Your copy should begin with the line containing "Комфортное летнее  платье", end with the line containing "1.Stainless steel compact", match the listing below exactly, and contain no pictures.

** Records supplied follows **

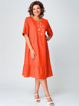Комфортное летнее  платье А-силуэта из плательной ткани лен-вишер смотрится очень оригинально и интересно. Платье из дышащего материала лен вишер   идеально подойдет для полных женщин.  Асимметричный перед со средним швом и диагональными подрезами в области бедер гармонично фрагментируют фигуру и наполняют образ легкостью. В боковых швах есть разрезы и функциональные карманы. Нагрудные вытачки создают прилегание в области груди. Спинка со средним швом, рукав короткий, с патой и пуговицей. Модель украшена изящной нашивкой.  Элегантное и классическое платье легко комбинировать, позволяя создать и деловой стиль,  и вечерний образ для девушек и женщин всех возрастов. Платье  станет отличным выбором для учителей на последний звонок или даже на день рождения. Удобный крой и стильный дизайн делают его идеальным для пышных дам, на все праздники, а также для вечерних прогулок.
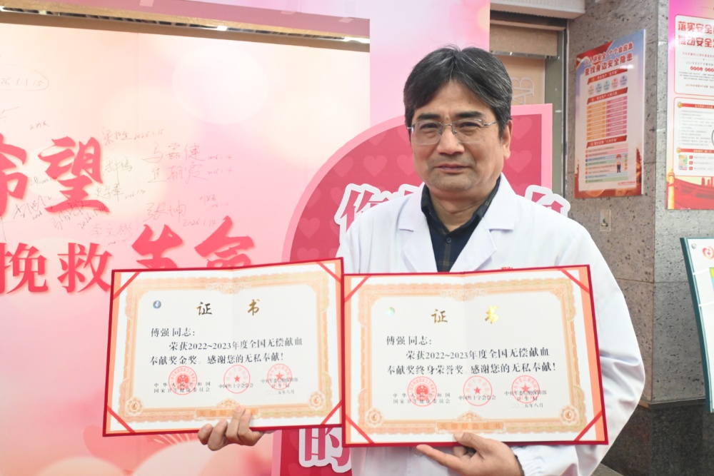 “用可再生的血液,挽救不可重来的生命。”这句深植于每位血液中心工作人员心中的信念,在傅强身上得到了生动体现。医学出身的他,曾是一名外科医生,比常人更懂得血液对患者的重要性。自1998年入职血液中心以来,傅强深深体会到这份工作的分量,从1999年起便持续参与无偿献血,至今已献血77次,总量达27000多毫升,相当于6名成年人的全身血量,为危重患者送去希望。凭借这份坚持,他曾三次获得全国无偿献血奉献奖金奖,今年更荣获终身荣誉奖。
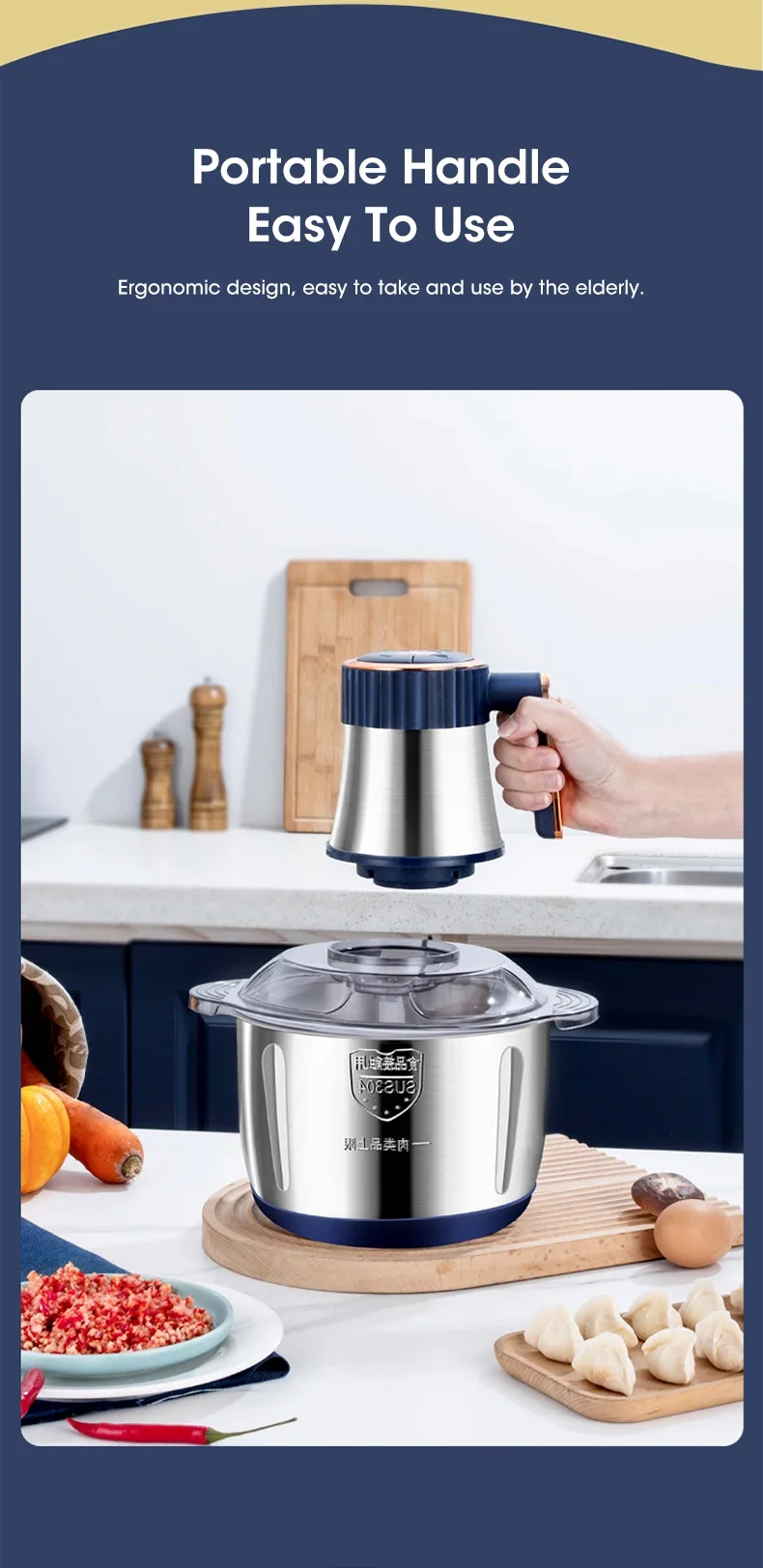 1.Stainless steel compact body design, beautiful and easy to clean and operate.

** End of Records supplied **
** Records supplied follows **

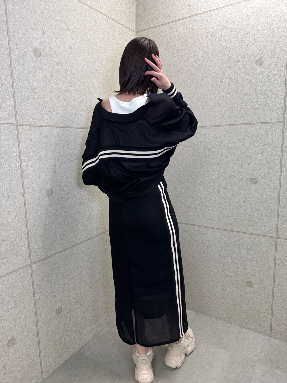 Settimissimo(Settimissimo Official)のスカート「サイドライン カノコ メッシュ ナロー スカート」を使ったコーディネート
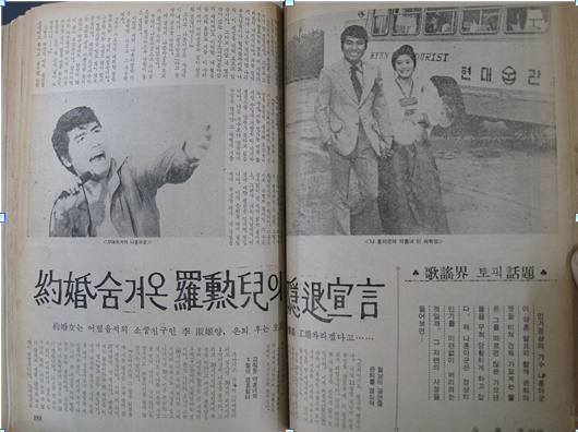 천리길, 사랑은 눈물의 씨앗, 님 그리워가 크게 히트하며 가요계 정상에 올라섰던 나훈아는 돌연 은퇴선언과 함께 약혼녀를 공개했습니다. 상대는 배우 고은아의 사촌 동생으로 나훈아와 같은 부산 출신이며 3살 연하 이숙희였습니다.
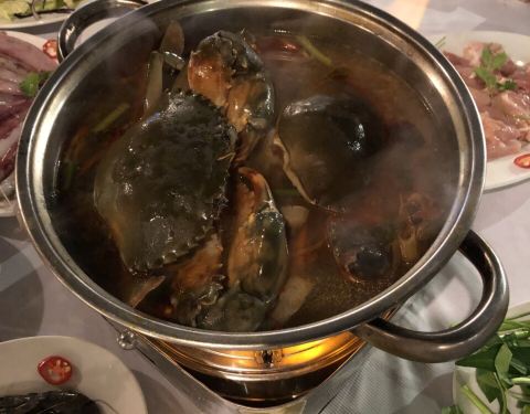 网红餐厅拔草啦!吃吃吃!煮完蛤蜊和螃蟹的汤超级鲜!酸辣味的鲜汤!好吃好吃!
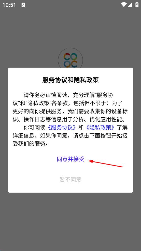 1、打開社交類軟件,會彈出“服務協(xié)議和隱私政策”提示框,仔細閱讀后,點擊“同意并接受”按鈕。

** End of Records supplied **

- [Solution to this problem]
Комфортное летнее  платье А-силуэта из плательной ткани лен-вишер смотрится очень оригинально и интересно. Платье из дышащего материала лен вишер   идеально подойдет для полных женщин.  Асимметричный перед со средним швом и диагональными подрезами в области бедер гармонично фрагментируют фигуру и наполняют образ легкостью. В боковых швах есть разрезы и функциональные карманы. Нагрудные вытачки создают прилегание в области груди. Спинка со средним швом, рукав короткий, с патой и пуговицей. Модель украшена изящной нашивкой.  Элегантное и классическое платье легко комбинировать, позволяя создать и деловой стиль,  и вечерний образ для девушек и женщин всех возрастов. Платье  станет отличным выбором для учителей на последний звонок или даже на день рождения. Удобный крой и стильный дизайн делают его идеальным для пышных дам, на все праздники, а также для вечерних прогулок.
 “用可再生的血液,挽救不可重来的生命。”这句深植于每位血液中心工作人员心中的信念,在傅强身上得到了生动体现。医学出身的他,曾是一名外科医生,比常人更懂得血液对患者的重要性。自1998年入职血液中心以来,傅强深深体会到这份工作的分量,从1999年起便持续参与无偿献血,至今已献血77次,总量达27000多毫升,相当于6名成年人的全身血量,为危重患者送去希望。凭借这份坚持,他曾三次获得全国无偿献血奉献奖金奖,今年更荣获终身荣誉奖。
 1.Stainless steel compact body design, beautiful and easy to clean and operate.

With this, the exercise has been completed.